### INFORMATION SUPPLIED

· · · ·

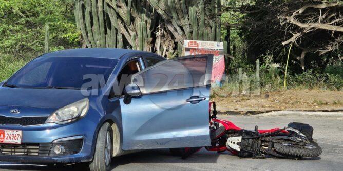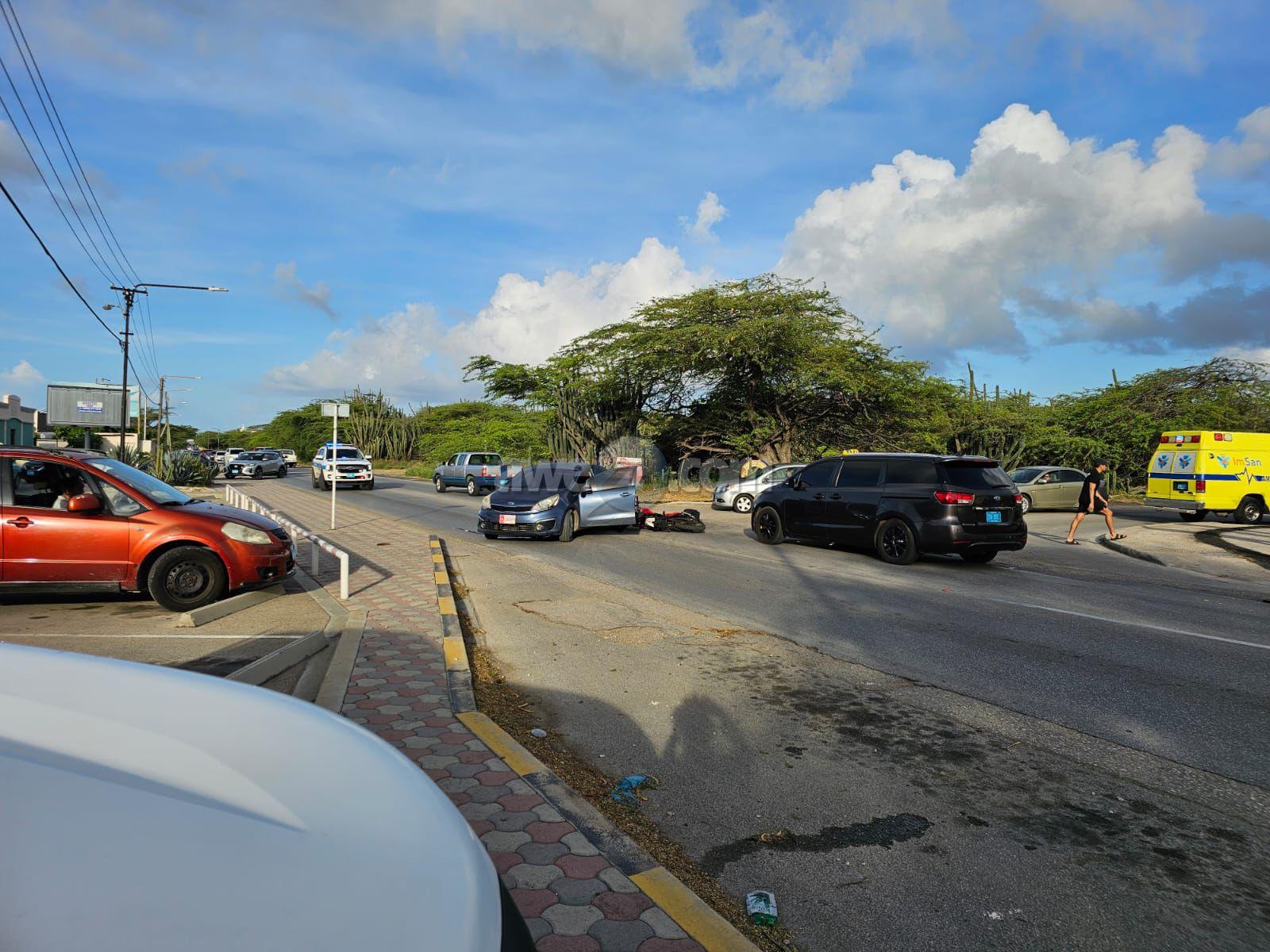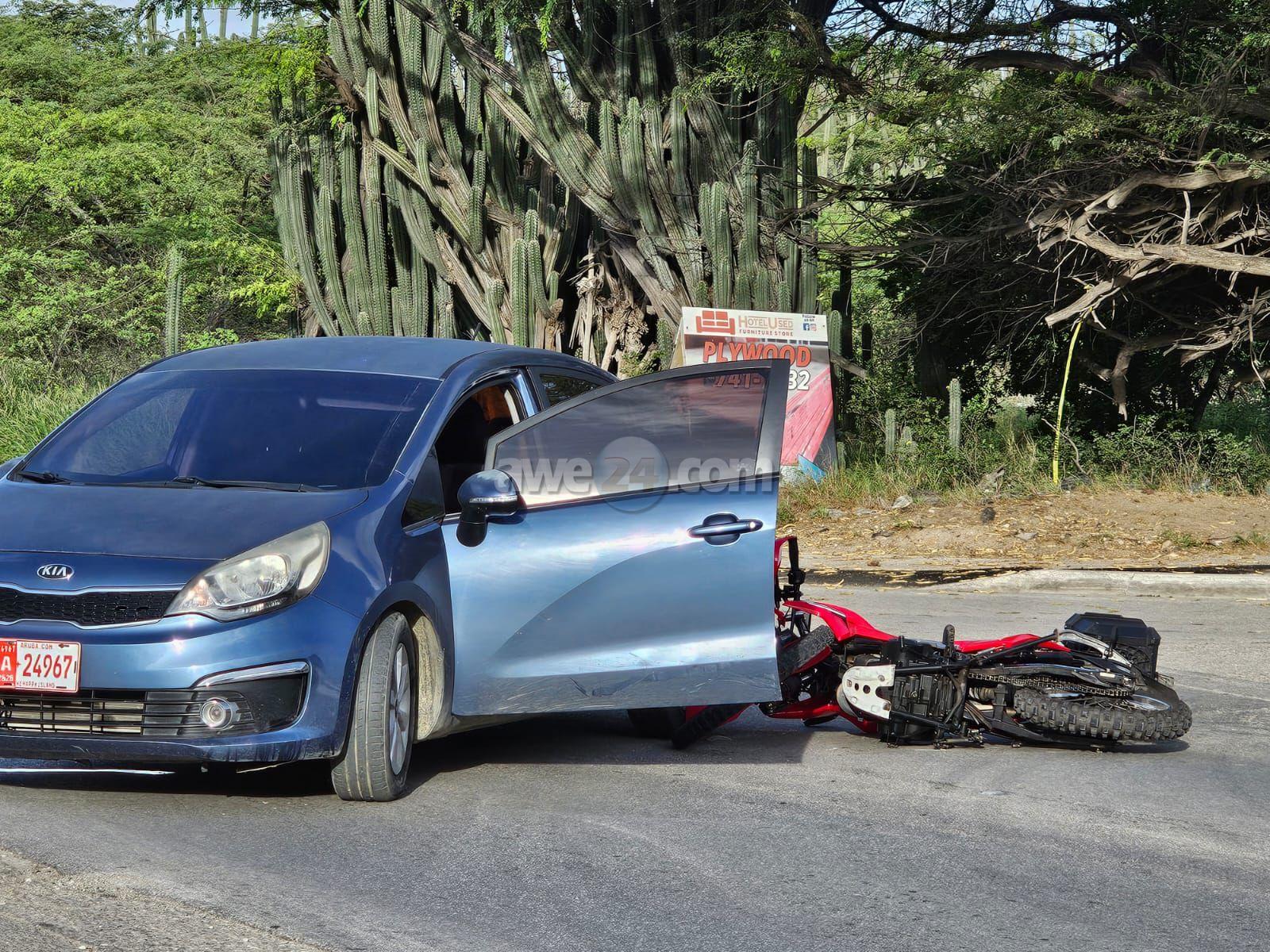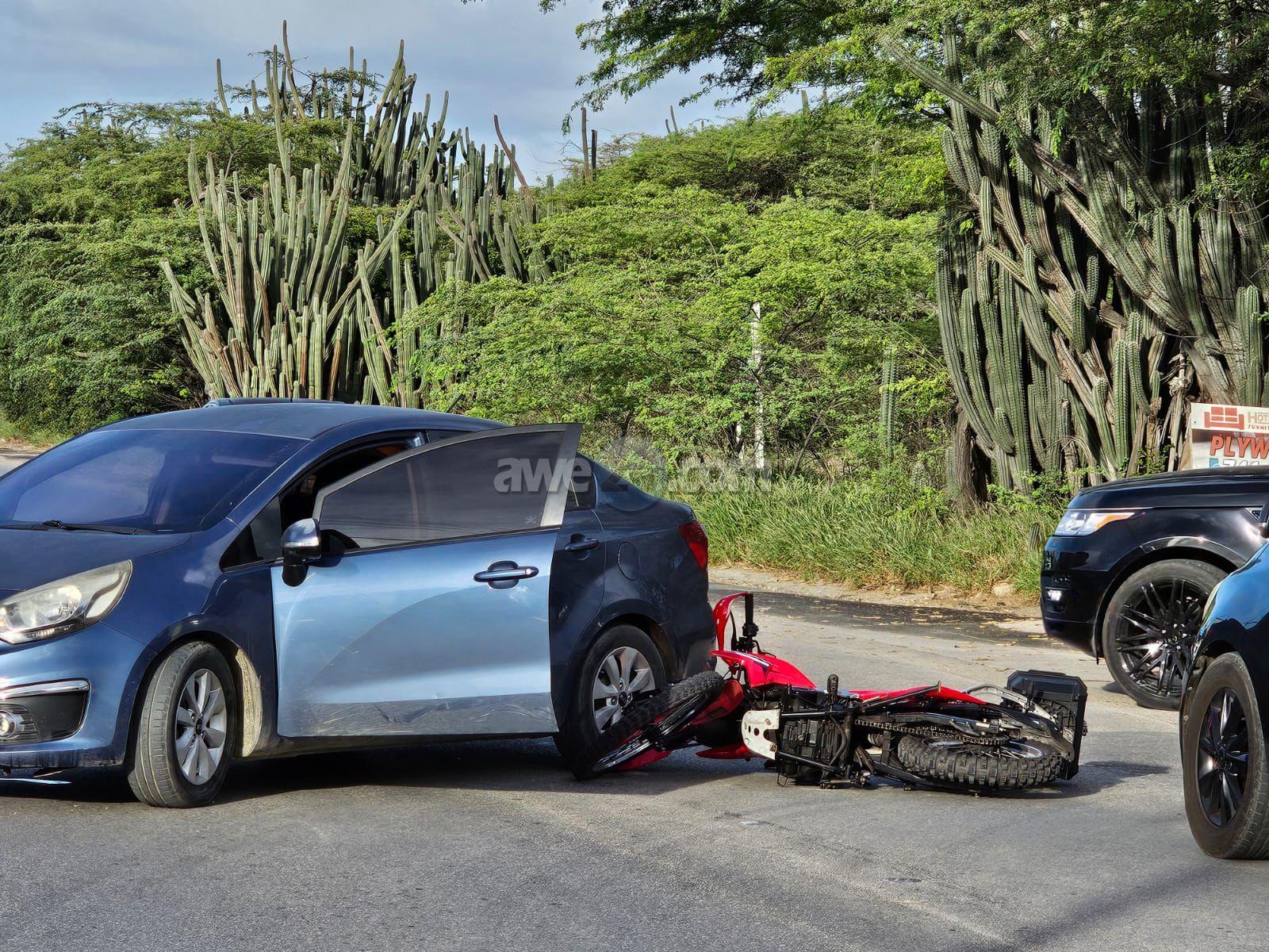Dialuna mainta a drenta informe di un accidente di un hende herida dilanti Cayena Mall, mesora a dirigi tanto polis como ambulans na e sitio. Na yegada di e patruya a bin compronde cu aki ta trata di un accidente entre un auto y un motorcycle. Na yegada di ambulans nan a atende e motociclista herida na e sitio mes.
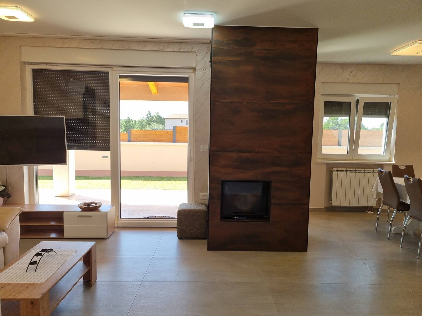 La casa è composta da un grande soggiorno e cucina, due camere da letto, ognuna con il proprio bagno, e un ulteriore servizio igienico. In ogni stanza è presente un climatizzatore. Nel soggiorno c'è un camino con camino.
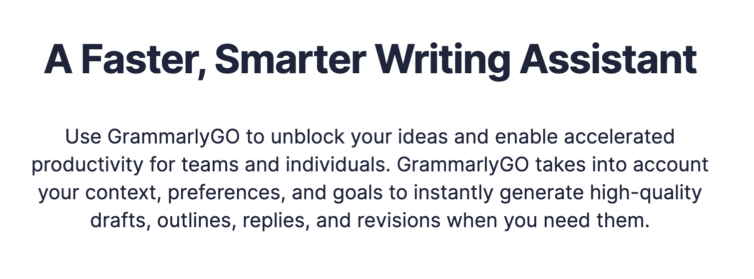 Jumpstart your writing like never before with generative AI assistance. Instantly compose, rewrite, ideate, and reply using GrammarlyGO as your personalized, context-aware co-creator. GrammarlyGO brings the power of fourteen years of best-in-class communication AI—trusted by tens of millions.
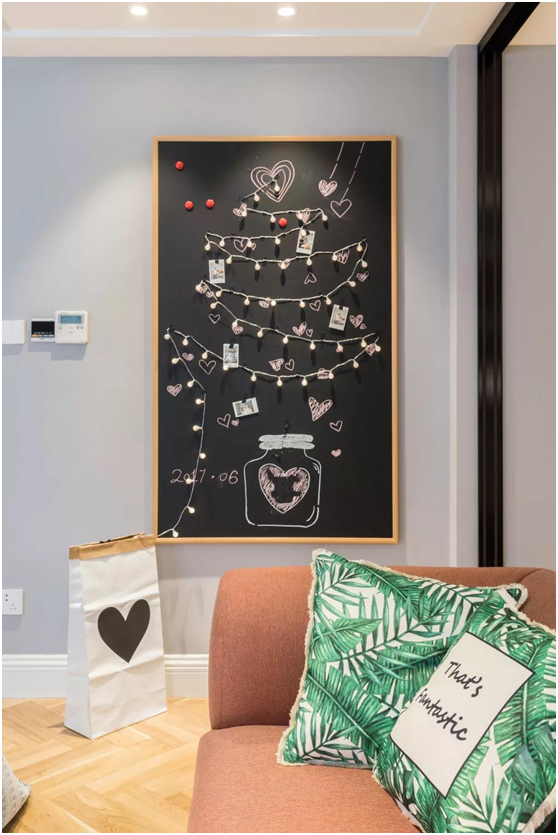 △書(shū)房和客廳之間的墻面還掛了一個(gè)小黑板,可以用來(lái)記錄屋主一家的點(diǎn)點(diǎn)滴滴,小串燈的“之”字形像是棵圣誕樹(shù),讓這個(gè)地方多出了文藝小清新的感覺(jué)。

· · · ·

### PROBLEM TO WORK ON
For this copy, leave pictures out and reproduce the lines from the one bearing "La casa è composta" through the final line of the listing above, both ends included.

### COMPLETED EXERCISE
 La casa è composta da un grande soggiorno e cucina, due camere da letto, ognuna con il proprio bagno, e un ulteriore servizio igienico. In ogni stanza è presente un climatizzatore. Nel soggiorno c'è un camino con camino.
 Jumpstart your writing like never before with generative AI assistance. Instantly compose, rewrite, ideate, and reply using GrammarlyGO as your personalized, context-aware co-creator. GrammarlyGO brings the power of fourteen years of best-in-class communication AI—trusted by tens of millions.
 △書(shū)房和客廳之間的墻面還掛了一個(gè)小黑板,可以用來(lái)記錄屋主一家的點(diǎn)點(diǎn)滴滴,小串燈的“之”字形像是棵圣誕樹(shù),讓這個(gè)地方多出了文藝小清新的感覺(jué)。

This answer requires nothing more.